El tratamiento del derecho a la objeción de conciencia en la Ley de Eutanasia.

 

José Antonio Díez Fernández

Profesor de Derecho en la Universidad Internacional de La Rioja

Coordinador General de ANDOC

 

Enviado: 24 de junio de 2021

Aceptado: 5 de julio de 2021

Publicado: 25 de julio de 2021

 

 

El creciente bien del mundo depende en parte de actos no históricos; que a ti y a mí las cosas no nos vayan tan mal como podrían haber ido, se debe en parte al número de los que vivieron fielmente una vida oculta, y descansan en tumbas no visitadas. (George Elliot)

 

Inicio estas líneas con la conocida frase de la rebelde y feminista poetisa inglesa, que utilizará el director de cine T. Malick como epílogo a su película “A Hidden Life” (Vida oculta, en español). El film relata la hasta hace poco, desconocida historia del campesino austriaco Franz Jägerstätter que pagó con su vida su rechazo a jurar ciega obediencia al nazismo, y pienso que puede servir de punto de reflexión para tratar del modo en que la recién aprobada ley de la eutanasia, desafía un modelo de ética médica vigente desde hace 25 siglos. Evidentemente, esta ley no busca acabar directamente con la objeción de conciencia (sería demasiado fuerte, al menos, al principio), pero sí se nutre de una lógica moral y jurídica destinada ineludiblemente a convertir la ética médica en algo irrelevante, abocando a un cada vez más reducido número de médicos a recluirse en una pequeña reserva donde estarán asépticamente señalados y perfectamente vigilados, en previsión de que extiendan el peligroso virus de la disidencia a otros colegas y a la sociedad en general.

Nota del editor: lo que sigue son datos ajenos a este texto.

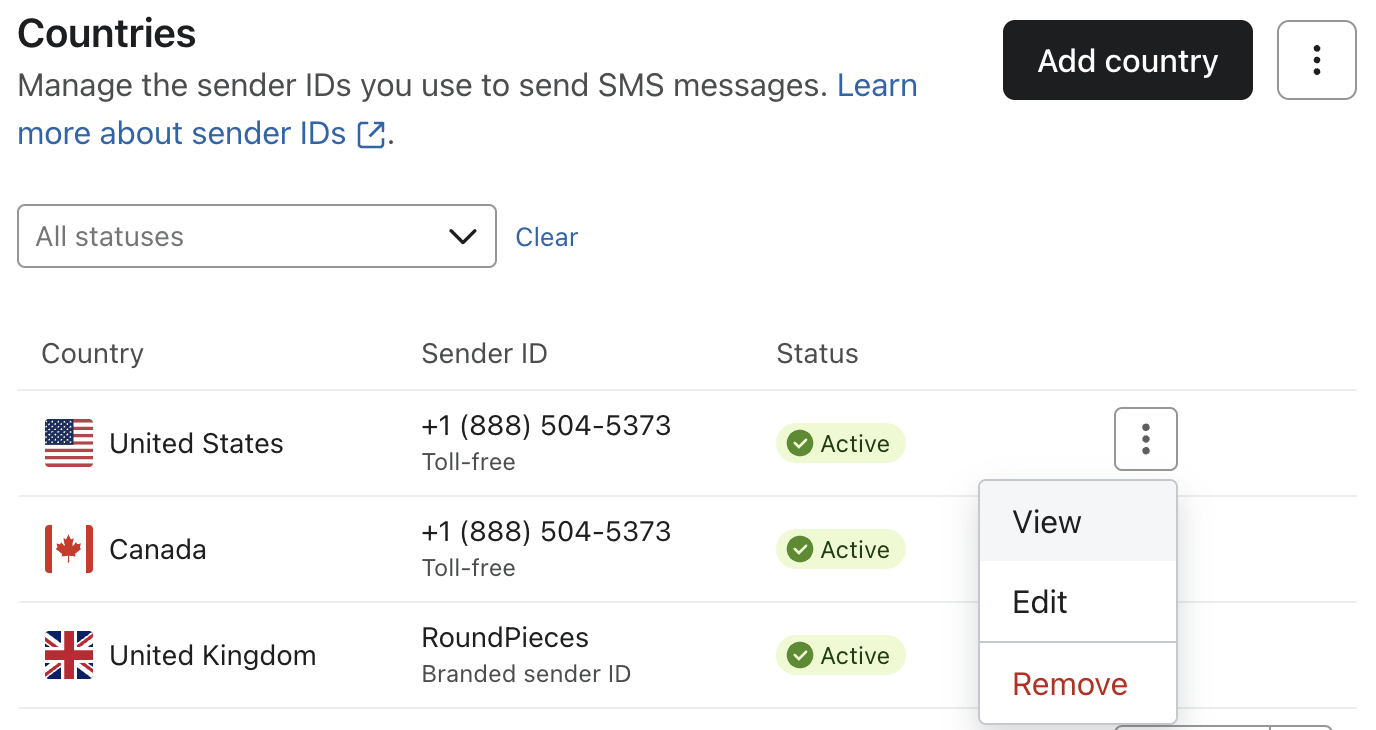 Wenn du deine Absendernummer nicht behalten möchtest, kannst du sie entfernen. Wenn du eine Nummer entfernst, gibst du sie frei, sodass du keine SMS mehr erhalten kannst.

Desde el Juramento hipocrático (s. IV – V a C) hasta hoy, la profesión médica se ha opuesto firmemente a la eutanasia. El rechazo a esta práctica es una constante en las declaraciones de las instituciones médicas internacionales. Es el caso de la Asociación Médica Mundial (AMM), creada en 1946, coincidiendo con la Declaración de Nuremberg[1]. En la reciente Declaración de Tiflis (Georgia) la AMM reafirmó su firme convencimiento de que la eutanasia entra en conflicto con los principios éticos básicos de la práctica médica (…) e insta a todas las asociaciones médicas nacionales y los médicos a no participar en la eutanasia, incluso si está permitida por la legislación nacional o despenalizada bajo ciertas condiciones. La declaración es breve y meridianamente clara: “Ningún médico, añade, debe ser obligado a participar en eutanasia o suicidio con ayuda médica, ni tampoco debe ser obligado a derivar un paciente con este objetivo”[2]

En nuestros días, hay varias líneas de fuerza que confluyen en cómo afrontar eutanasia:

  • Miedo al dolor.
  • Miedo a la muerte (tabú) que es entendida como algo innombrable, un fallo que hay que reparar.
  • Entronización del derecho incondicionado a una libertad autónoma. En lenguaje de los partidarios, el derecho a la vida no conlleva el deber de seguir viviendo, si no se desea, unido al emotivismo ético. Aparentemente el derecho a una libertad autónoma irrestricta (no solo en este campo) parece gozar de una fortaleza y de una certeza indiscutible, de modo que quienes disienten se colocan en el “lado equivocado de la historia”.

Antes de entrar en el análisis del tratamiento que da la ley al derecho a la objeción de conciencia, creo oportuno avanzar tres presupuestos previos, aun a sabiendas que no son del todo compartidos:

1º La eutanasia no es un acto médico: puede ser un acto legal, sanitario, o de un médico en particular. La misma definición de acto médico recogida en el Código de Ética Médica es clara en este sentido (art. 7.1)[3].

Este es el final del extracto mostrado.